DATA IN THIS EXERCISE:
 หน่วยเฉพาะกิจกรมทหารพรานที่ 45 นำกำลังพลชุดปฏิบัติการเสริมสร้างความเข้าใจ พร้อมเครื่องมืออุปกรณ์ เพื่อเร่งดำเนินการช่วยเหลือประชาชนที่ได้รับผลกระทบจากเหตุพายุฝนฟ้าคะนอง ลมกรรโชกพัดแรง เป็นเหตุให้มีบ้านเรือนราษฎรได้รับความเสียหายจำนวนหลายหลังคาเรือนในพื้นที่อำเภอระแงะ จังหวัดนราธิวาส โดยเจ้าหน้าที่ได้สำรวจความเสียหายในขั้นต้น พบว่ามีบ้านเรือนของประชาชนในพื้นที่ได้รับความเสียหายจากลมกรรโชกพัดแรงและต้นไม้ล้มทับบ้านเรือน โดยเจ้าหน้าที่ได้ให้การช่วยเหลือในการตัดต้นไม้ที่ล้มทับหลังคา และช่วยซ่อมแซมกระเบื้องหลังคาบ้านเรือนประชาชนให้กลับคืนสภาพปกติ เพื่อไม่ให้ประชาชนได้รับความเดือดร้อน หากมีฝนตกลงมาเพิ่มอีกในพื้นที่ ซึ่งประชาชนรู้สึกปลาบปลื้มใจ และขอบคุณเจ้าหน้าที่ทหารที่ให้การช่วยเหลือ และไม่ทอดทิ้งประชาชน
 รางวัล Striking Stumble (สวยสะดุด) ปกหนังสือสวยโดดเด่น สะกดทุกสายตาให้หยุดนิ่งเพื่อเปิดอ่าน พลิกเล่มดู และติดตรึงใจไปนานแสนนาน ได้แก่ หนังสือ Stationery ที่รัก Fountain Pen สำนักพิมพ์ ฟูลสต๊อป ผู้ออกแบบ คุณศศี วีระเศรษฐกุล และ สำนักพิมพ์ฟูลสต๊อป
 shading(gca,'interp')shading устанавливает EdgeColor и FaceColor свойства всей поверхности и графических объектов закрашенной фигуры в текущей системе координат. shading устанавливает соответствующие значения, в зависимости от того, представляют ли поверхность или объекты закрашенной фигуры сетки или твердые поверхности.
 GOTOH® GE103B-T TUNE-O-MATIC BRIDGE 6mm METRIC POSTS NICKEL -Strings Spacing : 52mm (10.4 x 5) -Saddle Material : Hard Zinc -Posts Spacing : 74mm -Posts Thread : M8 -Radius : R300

...

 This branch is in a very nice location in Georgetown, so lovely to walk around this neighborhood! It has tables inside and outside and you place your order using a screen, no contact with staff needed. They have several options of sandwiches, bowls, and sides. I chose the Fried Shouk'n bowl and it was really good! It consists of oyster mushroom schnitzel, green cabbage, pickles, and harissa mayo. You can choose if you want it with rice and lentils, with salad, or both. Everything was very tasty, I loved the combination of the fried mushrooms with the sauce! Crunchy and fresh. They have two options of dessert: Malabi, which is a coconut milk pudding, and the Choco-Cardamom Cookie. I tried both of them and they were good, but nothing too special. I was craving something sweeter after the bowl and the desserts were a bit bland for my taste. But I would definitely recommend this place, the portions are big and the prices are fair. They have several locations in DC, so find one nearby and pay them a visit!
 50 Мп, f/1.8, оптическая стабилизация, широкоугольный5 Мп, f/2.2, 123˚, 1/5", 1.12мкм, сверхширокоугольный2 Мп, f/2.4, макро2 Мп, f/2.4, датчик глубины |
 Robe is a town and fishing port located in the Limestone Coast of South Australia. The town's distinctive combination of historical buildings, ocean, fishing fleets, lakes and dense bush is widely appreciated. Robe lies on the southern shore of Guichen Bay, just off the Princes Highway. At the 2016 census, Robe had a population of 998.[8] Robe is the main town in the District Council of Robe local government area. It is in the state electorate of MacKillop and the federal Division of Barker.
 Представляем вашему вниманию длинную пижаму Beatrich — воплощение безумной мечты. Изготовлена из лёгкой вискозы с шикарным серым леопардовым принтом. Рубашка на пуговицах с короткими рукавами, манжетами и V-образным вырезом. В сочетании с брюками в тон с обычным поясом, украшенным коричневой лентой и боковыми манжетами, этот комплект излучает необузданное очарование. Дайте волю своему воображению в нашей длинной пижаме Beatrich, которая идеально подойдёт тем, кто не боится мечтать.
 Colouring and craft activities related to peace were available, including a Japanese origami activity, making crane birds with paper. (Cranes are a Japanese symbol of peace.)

* * *

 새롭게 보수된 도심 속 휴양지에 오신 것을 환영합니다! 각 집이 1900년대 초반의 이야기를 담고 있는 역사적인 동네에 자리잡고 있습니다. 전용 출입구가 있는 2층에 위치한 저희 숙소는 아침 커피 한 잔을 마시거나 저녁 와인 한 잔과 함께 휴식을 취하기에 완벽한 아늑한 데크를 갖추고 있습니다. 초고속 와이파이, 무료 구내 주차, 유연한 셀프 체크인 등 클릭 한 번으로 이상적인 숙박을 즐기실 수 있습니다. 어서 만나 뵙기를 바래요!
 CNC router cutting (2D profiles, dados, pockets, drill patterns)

TASK STATEMENT: Using the data above, extract exactly the lines from the one that holds "รางวัล Striking Stumble" to the one that holds "GOTOH® GE103B-T TUNE-O-MATIC", both ends included, and no others.

RESPONSE TO THIS EXERCISE:
 รางวัล Striking Stumble (สวยสะดุด) ปกหนังสือสวยโดดเด่น สะกดทุกสายตาให้หยุดนิ่งเพื่อเปิดอ่าน พลิกเล่มดู และติดตรึงใจไปนานแสนนาน ได้แก่ หนังสือ Stationery ที่รัก Fountain Pen สำนักพิมพ์ ฟูลสต๊อป ผู้ออกแบบ คุณศศี วีระเศรษฐกุล และ สำนักพิมพ์ฟูลสต๊อป
 shading(gca,'interp')shading устанавливает EdgeColor и FaceColor свойства всей поверхности и графических объектов закрашенной фигуры в текущей системе координат. shading устанавливает соответствующие значения, в зависимости от того, представляют ли поверхность или объекты закрашенной фигуры сетки или твердые поверхности.
 GOTOH® GE103B-T TUNE-O-MATIC BRIDGE 6mm METRIC POSTS NICKEL -Strings Spacing : 52mm (10.4 x 5) -Saddle Material : Hard Zinc -Posts Spacing : 74mm -Posts Thread : M8 -Radius : R300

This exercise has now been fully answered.